#### GIVEN INFORMATION ####

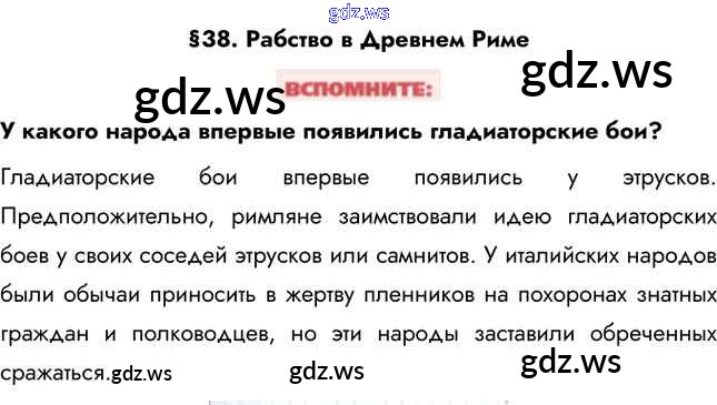 Готовый ответ Вспомните §38. Рабство в Древнем Риме - Истории 5 класс Уколова Учебник Сферы ФГОС
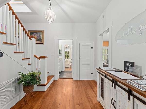 Experience the best of Fredericksburg living in this beautifully updated two-story farmhouse nestled on 1.54 acres just beyond the city limits. Currently operating as a successful short-term rental, this versatile property also offers the ideal layout for a full-time residence or weekend getaway. Thoughtfully updated throughout, the main home exudes modern comfort while preserving its original charm. Step inside to find an inviting living area filled with natural light, warm wood floors, and crisp trim accents. The bright and airy kitchen features shaker-style cabinetry, subway tile backsplash, stainless steel appliances, and a farmhouse sink -- blending functionality and style perfectly. With multiple bedrooms and spacious living spaces, the home easily accommodates families and guests. Outdoor living shines here -- enjoy morning coffee on the front porch, gather around the fire pit under the oaks, or unwind in the private hot tub after a day exploring the wineries. The screened porch and large deck create seamless spaces for entertaining year-round. An added bonus is the detached building/barn/shop featuring solar panels, providing additional energy efficiency and potential for workshop, studio, or guest space use. Located just a few minutes from Main Street yet surrounded by the tranquility of the Hill Country, this property combines convenience with peace and privacy. Whether you're seeking a turn-key investment or a forever home, this Fredericksburg retreat delivers timeless Texas charm with modern amenities.
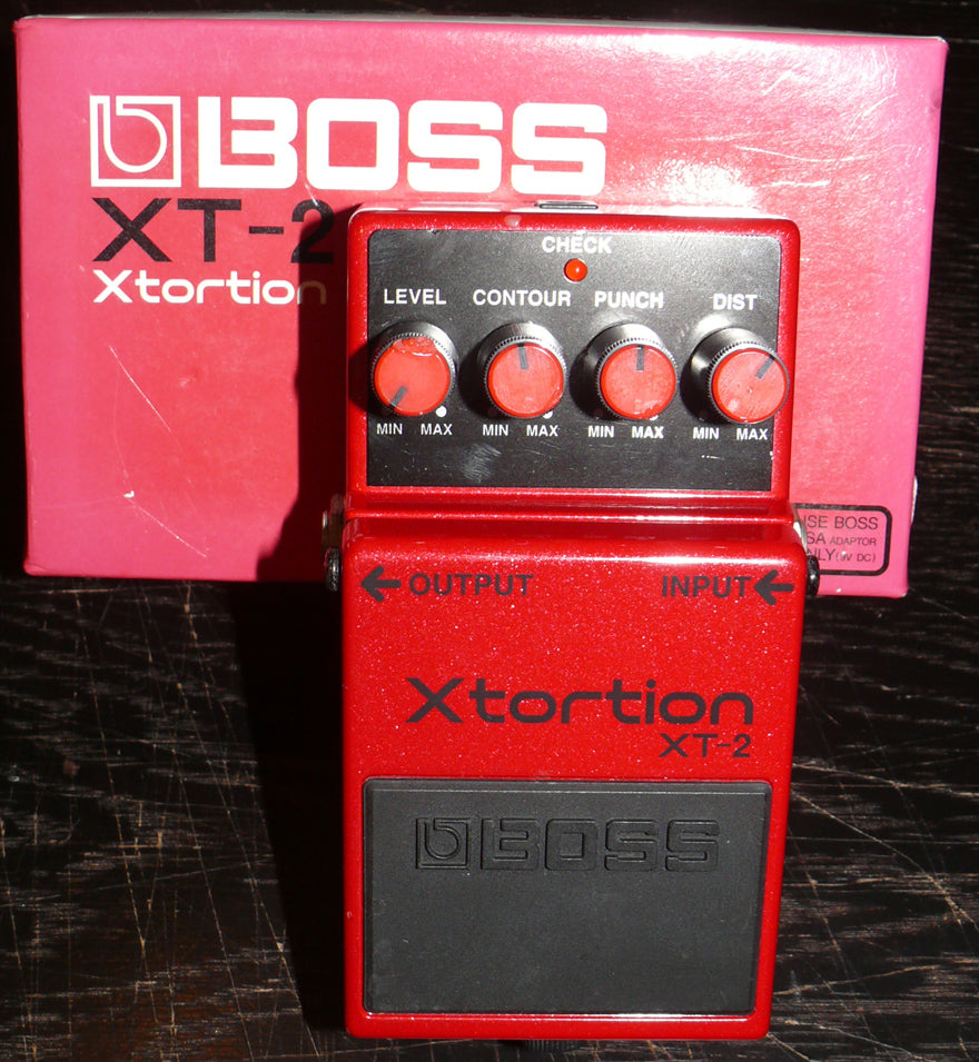 The XT-2 is a love or hate type of distortion pedal. It’s got a very hard edged distortion that sounds a bit different from other Boss distortion pedals. The tone controls are called Countour and Punch and is not just a renaming of bass and treble. Contour cuts highs or boosts highs and lows while Punch controls the distortion depth and adds a mid boost. Anyone tired of the convenional distortion sounds might like the XT-2.

####

TASK REQUIREMENTS – Restate the material above exactly. Exclude all pictures.

TASK RESPONSE –
 Готовый ответ Вспомните §38. Рабство в Древнем Риме - Истории 5 класс Уколова Учебник Сферы ФГОС
 Experience the best of Fredericksburg living in this beautifully updated two-story farmhouse nestled on 1.54 acres just beyond the city limits. Currently operating as a successful short-term rental, this versatile property also offers the ideal layout for a full-time residence or weekend getaway. Thoughtfully updated throughout, the main home exudes modern comfort while preserving its original charm. Step inside to find an inviting living area filled with natural light, warm wood floors, and crisp trim accents. The bright and airy kitchen features shaker-style cabinetry, subway tile backsplash, stainless steel appliances, and a farmhouse sink -- blending functionality and style perfectly. With multiple bedrooms and spacious living spaces, the home easily accommodates families and guests. Outdoor living shines here -- enjoy morning coffee on the front porch, gather around the fire pit under the oaks, or unwind in the private hot tub after a day exploring the wineries. The screened porch and large deck create seamless spaces for entertaining year-round. An added bonus is the detached building/barn/shop featuring solar panels, providing additional energy efficiency and potential for workshop, studio, or guest space use. Located just a few minutes from Main Street yet surrounded by the tranquility of the Hill Country, this property combines convenience with peace and privacy. Whether you're seeking a turn-key investment or a forever home, this Fredericksburg retreat delivers timeless Texas charm with modern amenities.
 The XT-2 is a love or hate type of distortion pedal. It’s got a very hard edged distortion that sounds a bit different from other Boss distortion pedals. The tone controls are called Countour and Punch and is not just a renaming of bass and treble. Contour cuts highs or boosts highs and lows while Punch controls the distortion depth and adds a mid boost. Anyone tired of the convenional distortion sounds might like the XT-2.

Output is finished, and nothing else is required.